→ **WHAT IS BEING ASKED**
The entries below contain pictures. Write out only the lines from the line with "百度新闻()收录的两千多新闻网站标题及其原始链接)" up to and including the line with "4月17日清晨7点,上海松江", exactly, without them.

→ **INFORMATION SUPPLIED**
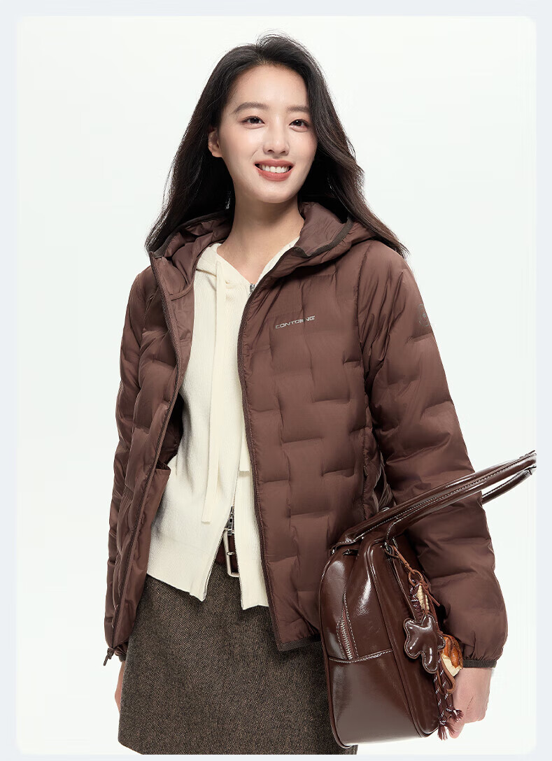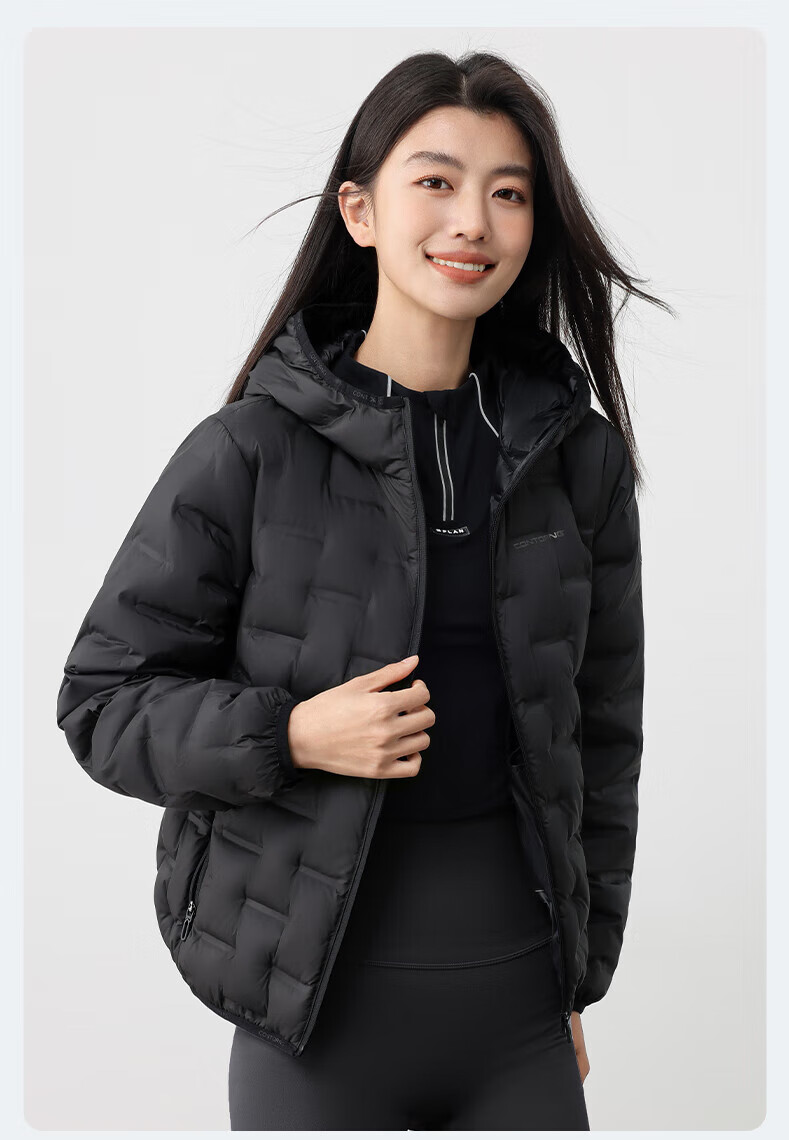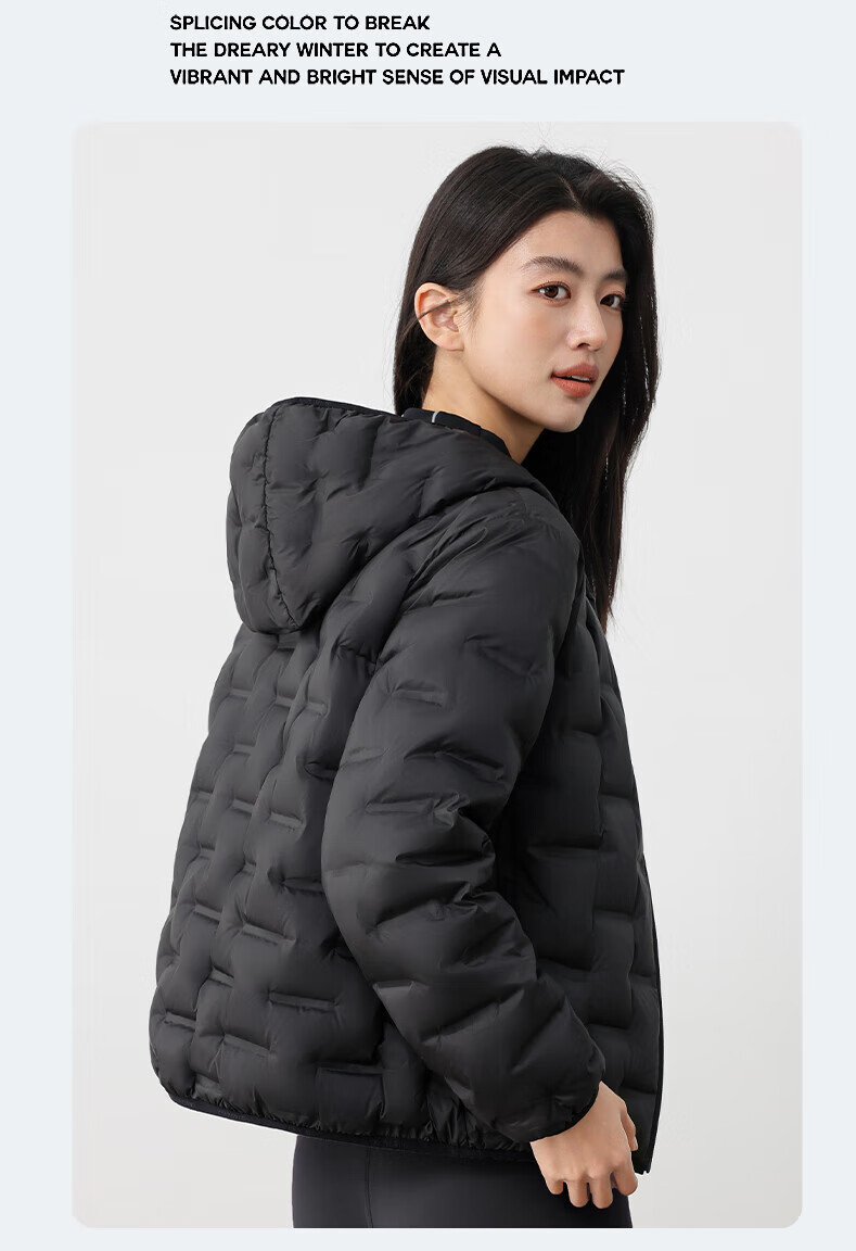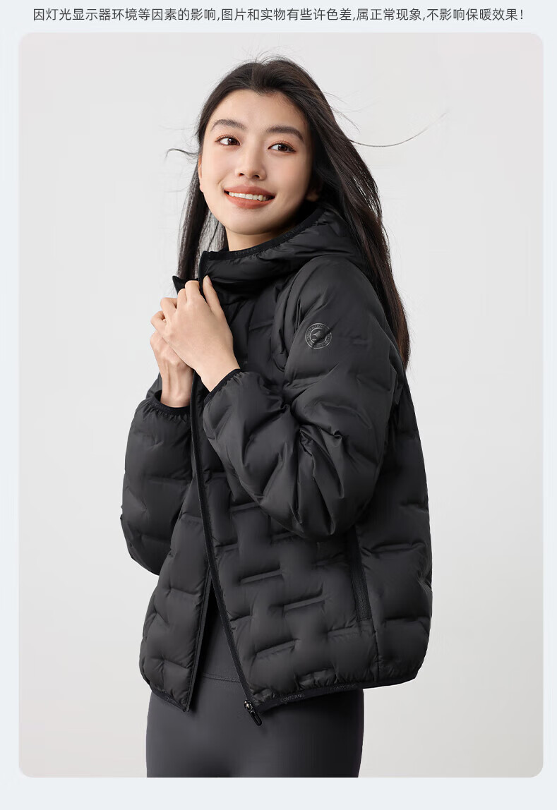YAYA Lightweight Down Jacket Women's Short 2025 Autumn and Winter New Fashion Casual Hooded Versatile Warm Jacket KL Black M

==

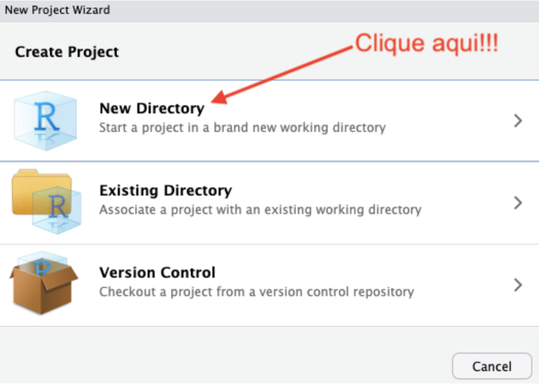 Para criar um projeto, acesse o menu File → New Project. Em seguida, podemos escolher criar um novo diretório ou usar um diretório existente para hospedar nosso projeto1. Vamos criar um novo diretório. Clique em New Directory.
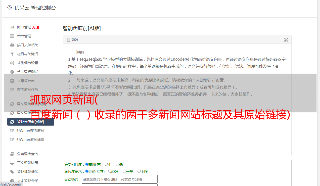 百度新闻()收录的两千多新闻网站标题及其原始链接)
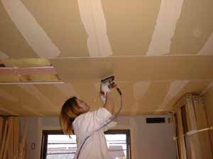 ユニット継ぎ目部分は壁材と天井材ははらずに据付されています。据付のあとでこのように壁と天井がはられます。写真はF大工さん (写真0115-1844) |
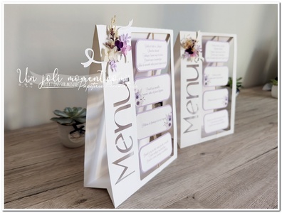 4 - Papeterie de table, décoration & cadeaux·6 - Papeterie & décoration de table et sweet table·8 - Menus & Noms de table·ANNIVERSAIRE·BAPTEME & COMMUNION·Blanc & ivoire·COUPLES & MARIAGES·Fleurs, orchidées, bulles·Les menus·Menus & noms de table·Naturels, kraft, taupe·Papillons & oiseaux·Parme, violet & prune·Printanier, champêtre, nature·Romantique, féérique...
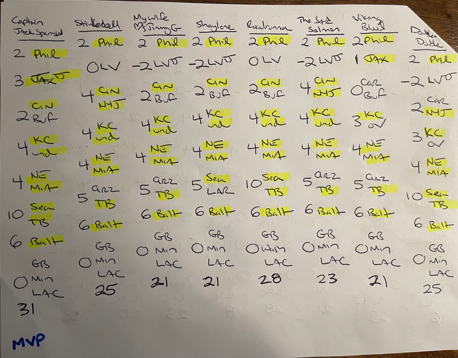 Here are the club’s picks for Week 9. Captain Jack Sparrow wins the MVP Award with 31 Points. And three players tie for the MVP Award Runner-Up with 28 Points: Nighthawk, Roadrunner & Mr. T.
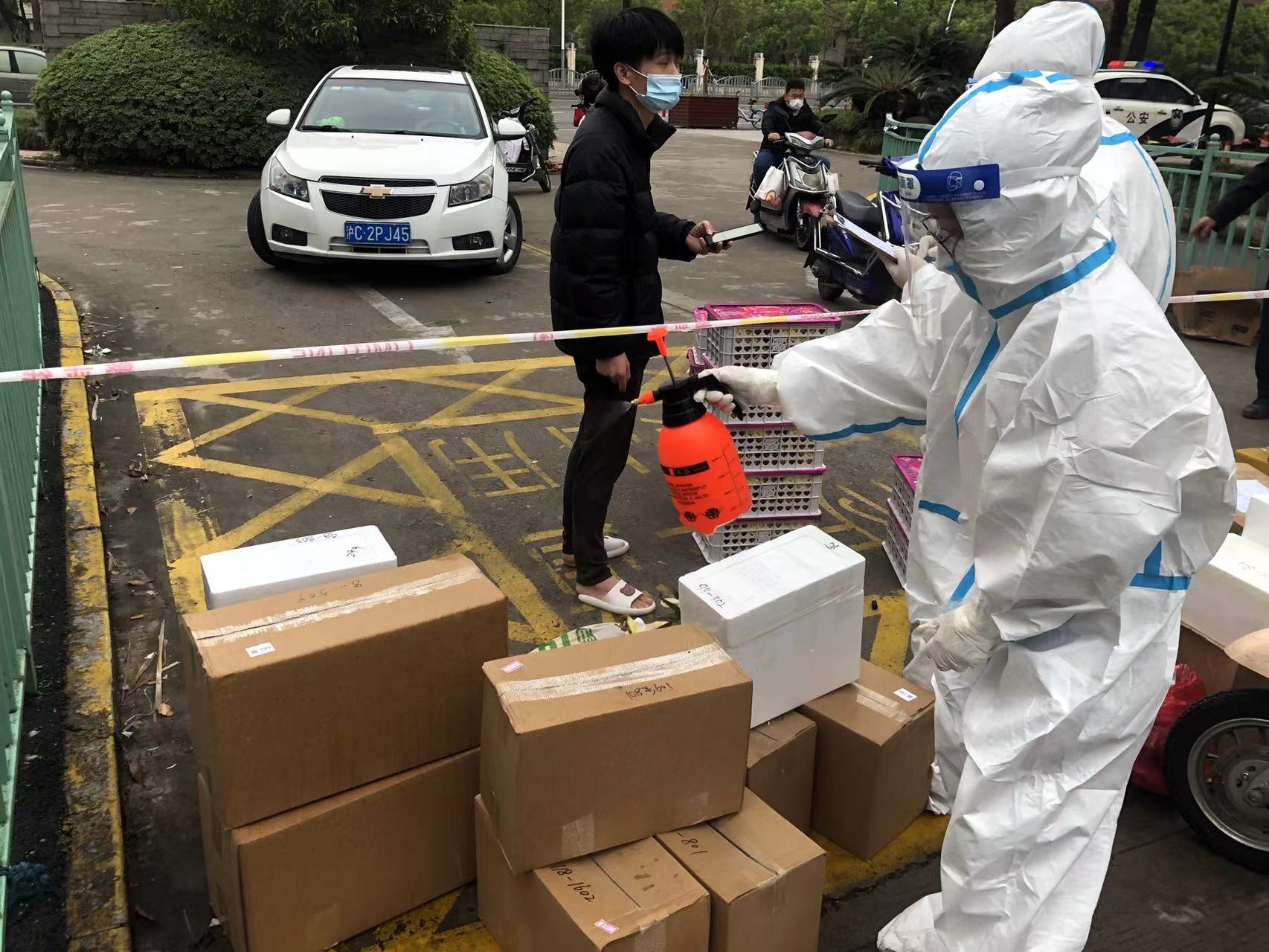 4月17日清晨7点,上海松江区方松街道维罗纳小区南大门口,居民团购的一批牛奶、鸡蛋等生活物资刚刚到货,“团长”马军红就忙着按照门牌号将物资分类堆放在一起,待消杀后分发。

→ **RESPONSE TO THIS EXERCISE**
 百度新闻()收录的两千多新闻网站标题及其原始链接)
 ユニット継ぎ目部分は壁材と天井材ははらずに据付されています。据付のあとでこのように壁と天井がはられます。写真はF大工さん (写真0115-1844) |
 4 - Papeterie de table, décoration & cadeaux·6 - Papeterie & décoration de table et sweet table·8 - Menus & Noms de table·ANNIVERSAIRE·BAPTEME & COMMUNION·Blanc & ivoire·COUPLES & MARIAGES·Fleurs, orchidées, bulles·Les menus·Menus & noms de table·Naturels, kraft, taupe·Papillons & oiseaux·Parme, violet & prune·Printanier, champêtre, nature·Romantique, féérique...
 Here are the club’s picks for Week 9. Captain Jack Sparrow wins the MVP Award with 31 Points. And three players tie for the MVP Award Runner-Up with 28 Points: Nighthawk, Roadrunner & Mr. T.
 4月17日清晨7点,上海松江区方松街道维罗纳小区南大门口,居民团购的一批牛奶、鸡蛋等生活物资刚刚到货,“团长”马军红就忙着按照门牌号将物资分类堆放在一起,待消杀后分发。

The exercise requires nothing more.